Taylor
v.
Wexford Health Sources Inc.

UNITED STATES DISTRICT COURT FOR THE SOUTHERN DISTRICT OF WEST VIRGINIA CHARLESTONJul 30, 2018
Case No. 5:17cv173 (S.D.W. Va. Jul. 30, 2018)

Case No. 5:17cv173

07-30-2018

DONALD LEE TAYLOR, Plaintiff, v. WEXFORD HEALTH SOURCES INC.; DOCTOR PAUL, HEP-C Specialist for Wexford; LOLITA BUTCHER, Commissioner W.Va. Division of Corrections; JOHN T. MURPHY; SHERRI DAVIS, Warden of Huttonsville Correctional Center; ANGELA MCWILLIAMS, Counselor (RSAT) Program; AIG INSURANCE BOARD OF RISK MANAGEMENT; BETSY JIVIDEN, Commission WVA Division of Corrections; and PATRICK MIRANDY, Warden, St. Marys Correctional Center. Defendants.


(Judge Stamp)

REPORT AND RECOMMENDATION

This matter is assigned to the Honorable Frederick P. Stamp, United States District Judge, and it is referred to the undersigned United States Magistrate Judge for submission of proposed findings and a recommendation for disposition, pursuant to 28 U.S.C. § 636(b)(1)(B). Pending before the court is the plaintiff's Motion for Injunction (ECF No. 8), and a supplement thereto. ECF No. 10.

FACTUAL BACKGROUND

The plaintiff is a state inmate, who was incarcerated at the Huttonsville Correctional Center ("HCC") when he initiated this action. He is currently incarcerated at the St. Marys Correctional Center. Both facilities are located within the jurisdiction of this court. The plaintiff has been diagnosed with Hepatitis C. The plaintiff alleges that he is seeking an injunction against Wexford Medical Sources Inc. and their HEP C specialist, Dr. Paul, for subjecting him to serious risks to his health and safety and placing him in imminent danger by denying him needed medical treatment. More specifically, the plaintiff alleges that they refuse to provide him Harvoni which he identifies as a "curative treatment." ECF No. 8 at 2. The plaintiff indicates that he is suffering extreme pain in his right side, and the defendants have allowed him to suffer intentionally with the very purpose of causing him harm. The plaintiff requests that the court grant his motion for an injunction and "( ORDER ) defendants to provide [him] with the curative treatment before [he] suffers any more additional harms." Id. at 4. (emphasis in original).

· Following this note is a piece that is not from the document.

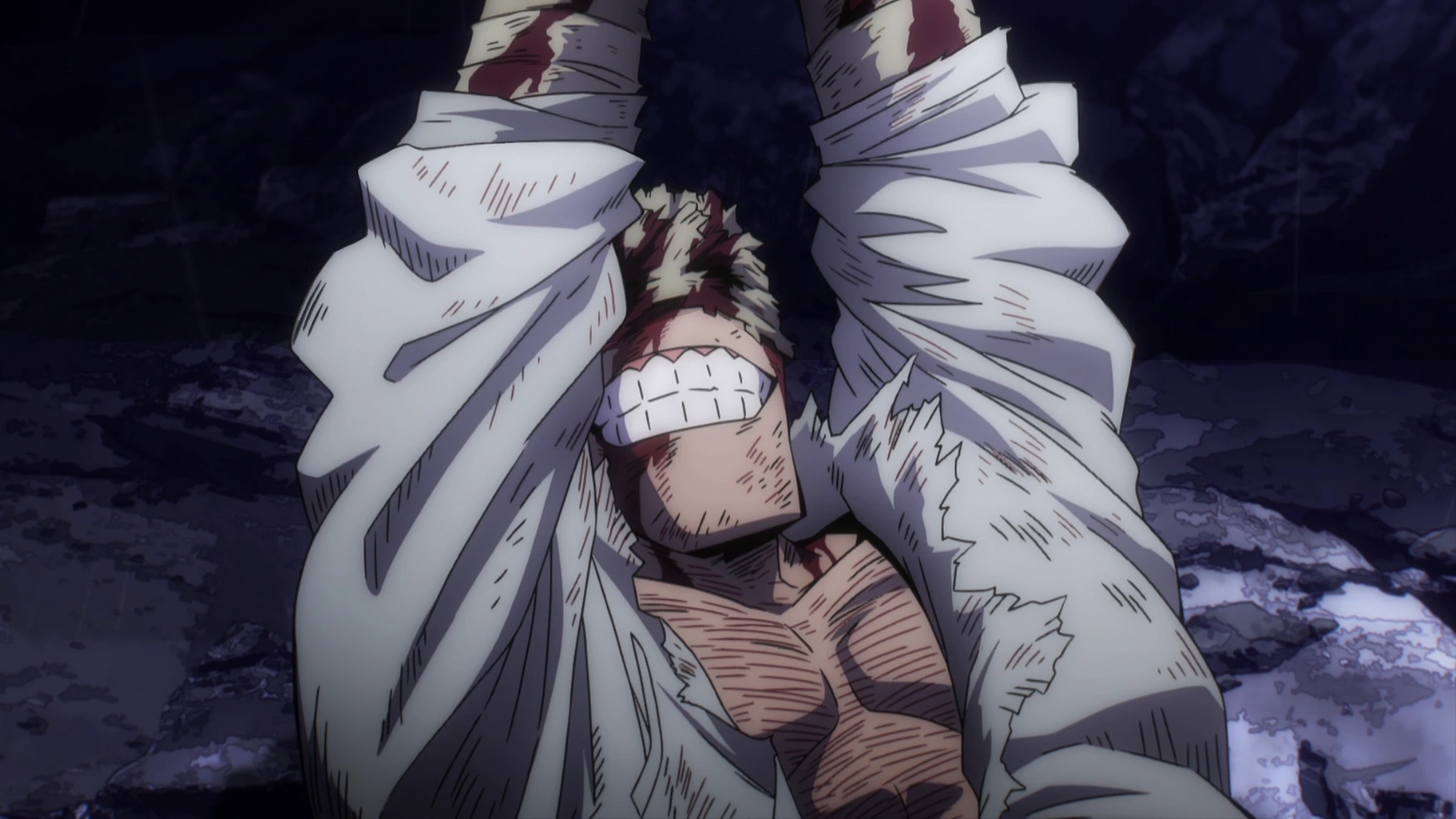 During the final battle, Aizawa desperately tried to connect with the part of Kurogiri that still held the memories of Shirakumo, hoping for assistance. However, Kurogiri’s loyalty to Shigaraki was too strong to overcome. As a result, Kurogiri attempted to prevent Izuku from defeating Shigaraki after All For One was defeated, but Bakugo intervened and killed Kurogiri, allowing Izuku to finish the fight.

The undersigned notes that well-established Fourth Circuit precedent has recognized that "the transfer or release of an inmate from the facility where he suffered the challenged conditions 'moots his claims for injunctive and declaratory relief' pertaining to his imprisonment." Taylor v. Riverside Regional Jail Authority, 2011 WL 6024499 at *4 (E.D. Va. Dec. 2, 2011); see also Rendellman v. Rouse, 569 F.3d 182, 186 (4th Cir. 2009) ("as a general rule, a prisoner's transfer or release from a particular prison moots his claims for injunctive and declaratory relief with respect to his incarceration there."), However, in the instant case, the plaintiff's claims relate to Wexford Health and Dr. Paul, their Hepatitis C specialist. Because Wexford provides medical care at all WVDOC facilities, the undersigned does not believe that his transfer moots his claim.

STANDARD OF LAW

A preliminary injunction is "an extraordinary remedy that only may be awarded upon a clear showing that the plaintiff is entitled to such relief." Dewhurst v. Century Aluminum Co., 649 F.2d 287, 290 (4th Cir. 2011) (quoting Winter v. Natural Res. Def. Counsel, Inc., 555 U.S. 7 (2008)); see Peterson v. National Telecommunications & Information Admin., 952 F. Supp.2d 313, 317 (E.D. Va. 2006) (quoting Direx Israel Ltd. v. Breakthrough Med. Corp., 952 F.2d 802, 811 (4th Cir, 1992) (recognizing that "[a] preliminary injunction is an extraordinary remedy involving the exercise of a very far-reaching power, which to be applied only in the limited circumstances which clearly demand it.").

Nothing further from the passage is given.